February 6, 1996 in Nation/World

Decline In Military Air Crashes Reported

Associated Press
 

Military aircraft crashes have steadily declined over the past 20 years, but they still cost the Defense Department more than $1 billion a year, congressional investigators said Monday.

The General Accounting Office report found that human error is a factor in three-quarters of all crashes.

Investigators found that the number of military air crashes dropped from 309 in 1975 to 76 last year. Deaths declined from 285 to 85.

Rep. Ike Skelton, who requested the study, said he was surprised at the findings.

“The increased media coverage of these accidents left an impression we were seeing higher numbers of crashes and deaths,” said Skelton, D-Mo., a senior member of the House National Security Committee.

“While this report offers little consolation to those who have lost loved ones, it shows that military aviation safety has improved,” Skelton said.

The most recent military crash occurred Jan. 29 in Nashville, Tenn., when a Navy F-14 slammed into a residential neighborhood shortly after takeoff, killing two crew members and three people on the ground.

The commander of that squadron, Cmdr.

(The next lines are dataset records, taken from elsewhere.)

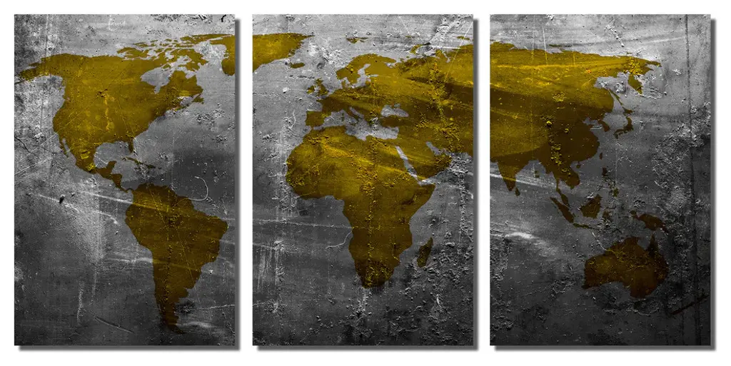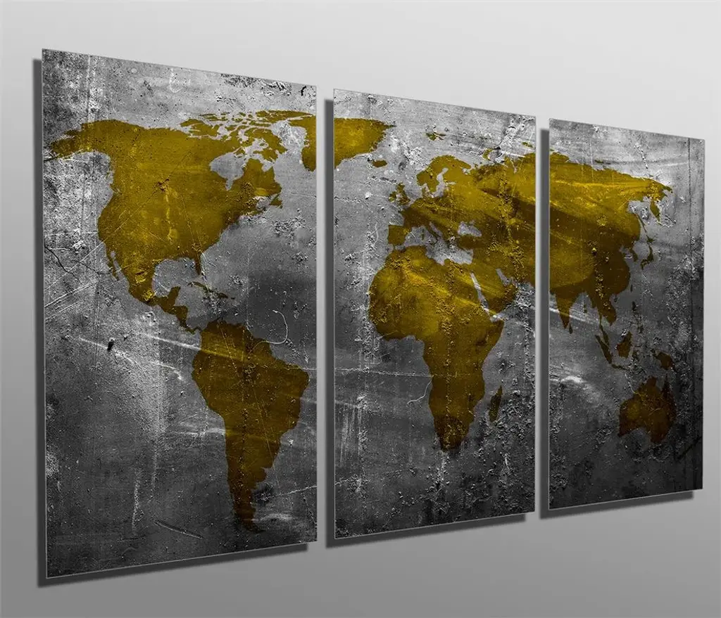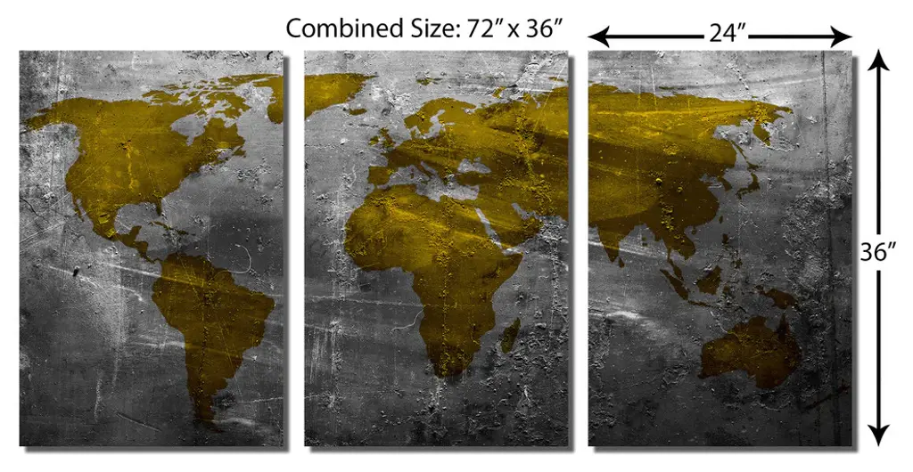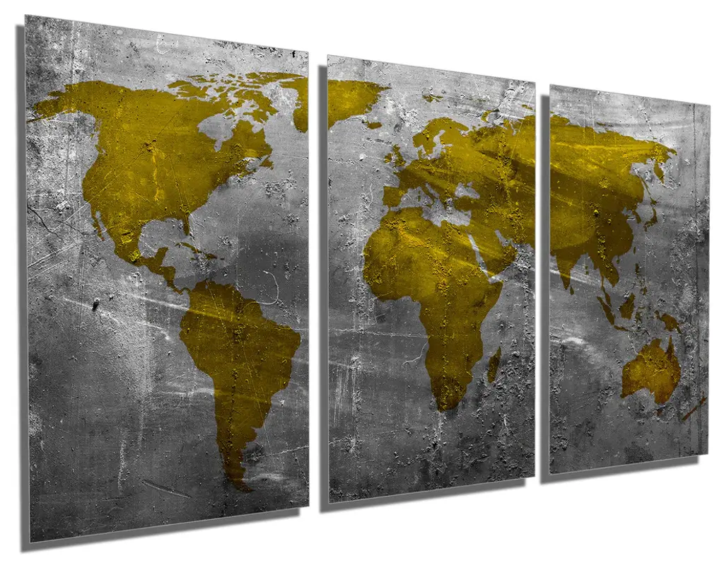 72"œ x 36"œ total size. Ready To Hang! (3 pieces - 24"œ x 36"œ each). 3 Panel Split (Triptych) Abstract art World Map Metal Print ft. shades of metallic gold/yellow-green and gray colors. Modern metal wall art for home or office wall decor & interior design. Printed on Luxurious, HD aluminum glossy metal panels. Multi Panel. HD aluminum panels. Metal print wall art. Includes Shadow Wall Mount on the back.• Aluminum Metal Wall Art• Made in USA• Ready to hang - No assembly required• Shadow mount hardware on the back• 0.045"œ thick HD Aluminum Panels• Scratch resistant, glossy finish• Superb color clarity, luxurious prints• Epson printing process• For indoor or moisture rich environment use• Easy to clean. Gently wipe with microfiber cloth.
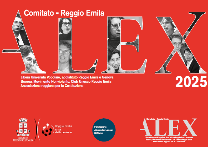 - Il Bando “Alex: Continuate in ciò che è giusto” (di imminente pubblicazione) rivolto alla popolazione studentesca per stimolare nelle giovani generazioni idee e proposte progettuali sui temi dell’ecologia, di pace-nonviolenza e del dialogo tra diversi.
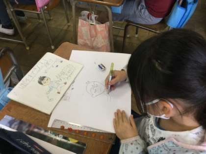 4年生のポスターづくり、2年生の漢字の学習、5年生の社会です
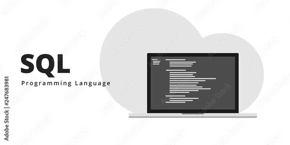 Wall mural learn to code sql programming language with script code on laptop screen, programming language code
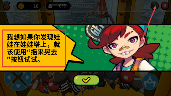 2、观察娃娃的分布,当发现娃娃在娃娃塔上时,按照提示点击“摇来晃去”按钮,尝试晃动娃娃,使其位置更便于抓取。

Fred Kilian, has been relieved of his command because of its poor safety record.

The GAO found that human error was a factor in 73 percent of the military crashes. The errors included those by pilots as well as mistakes made by maintenance crews and air traffic controllers.

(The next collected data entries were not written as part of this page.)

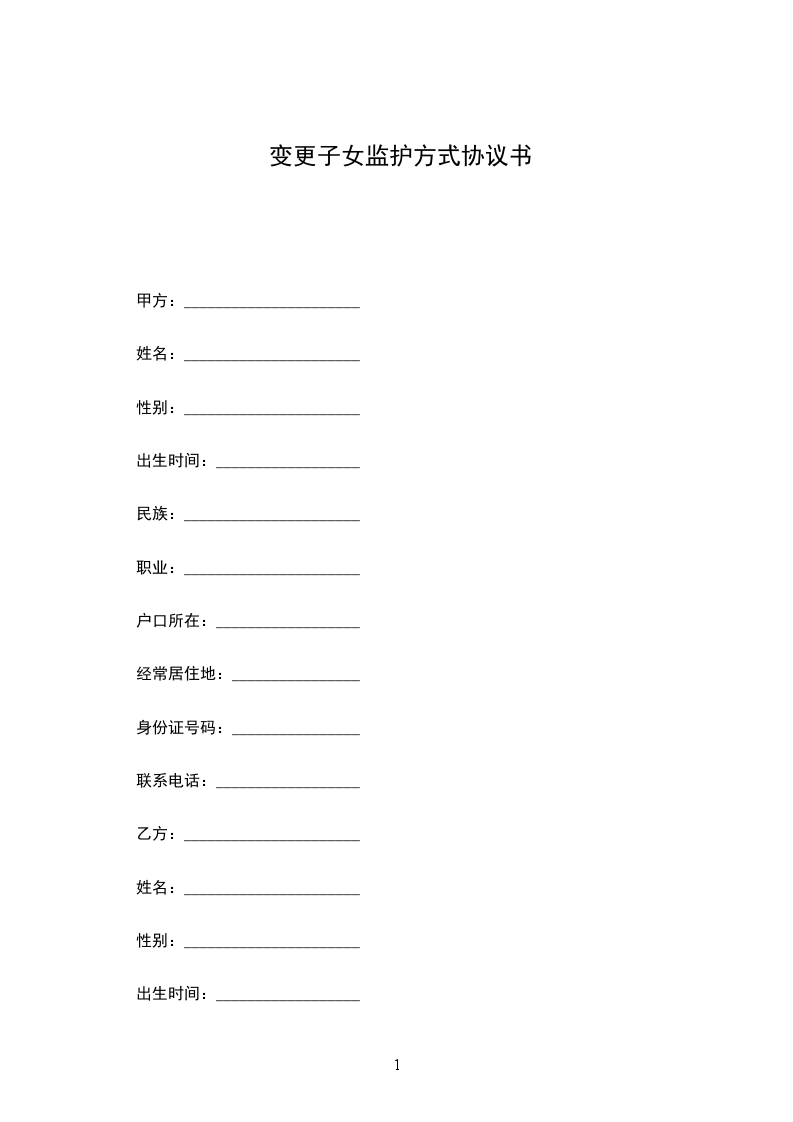 由于乙方情况发生变化(请说明原因),双方同意变更监护方式。
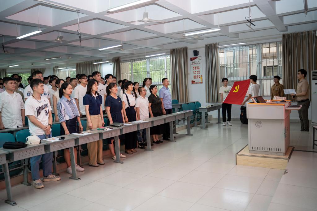 为进一步加强党员的党性教育和纪律意识,提高党员队伍的凝聚力和战斗力,6月12日下午,公司党总支在金河校区综合楼阶一教室,隆重举行了一场别开生面的党纪学习教育暨入党宣誓仪式。员工支部全体党员及部分入党积极分子共聚一堂,共同见证了这一庄严时刻。仪式伊始,全体党员起立,奏响国歌,现场气氛庄重而热烈。
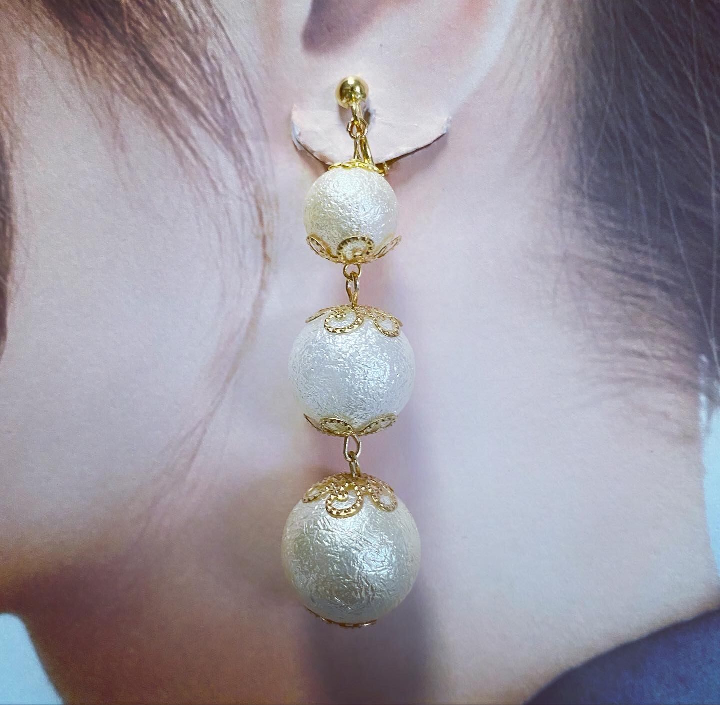 イヤリングには耳が痛くならないようにカバーをつけています。
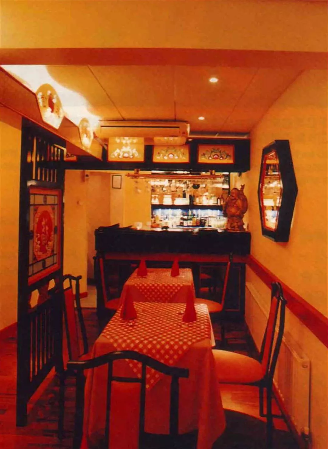 一九七○年代初,隨著美國總統尼克森訪問中國,引起全世界一陣中國熱潮,連帶著海外的中國餐廳也跟著門庭若市。近年來中國市場開放,中國學、中國熱更是方興未艾,上中國餐廳的年輕一輩顧客層也越來越多。為了吸引年輕人,在設計上,宋文堯更捨棄繁重的宮殿式配件,就是明亮清爽的白牆,紅色格子桌布,然後加上刻有中國文字的隔屏,和黑色鐵管仿明的座椅,呈現的又是一種年輕現代感的中國風。
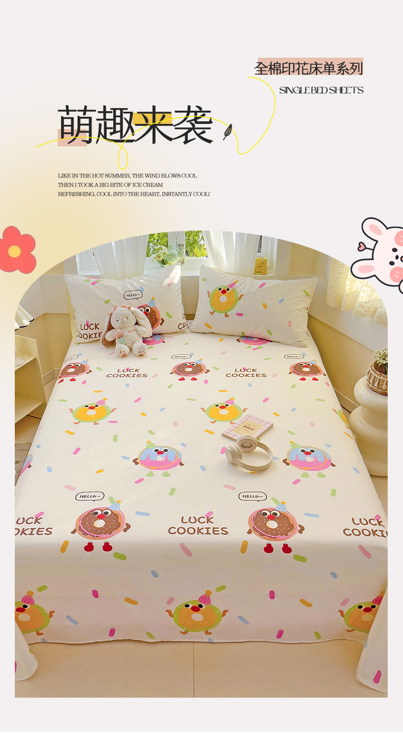 名兮家居 2025新款13372全棉印花四件套单品系列-单床单 甜甜圈

The study focused on accidents involving all Pentagon aircraft that resulted in a death or permanent disability, a destroyed aircraft or damage of $1 million or more. Crashes stemming from combat were not included.

Over the 20 years covered by the study, these crashes have cost the military $21 billion, including $1.3 billion in 1995.

During that period, there were 3,828 military air crashes that killed 3,810 people and destroyed 3,483 aircraft.

The report also raised some questions about the independence of the Army, Air Force and Navy investigative boards that examine the crashes.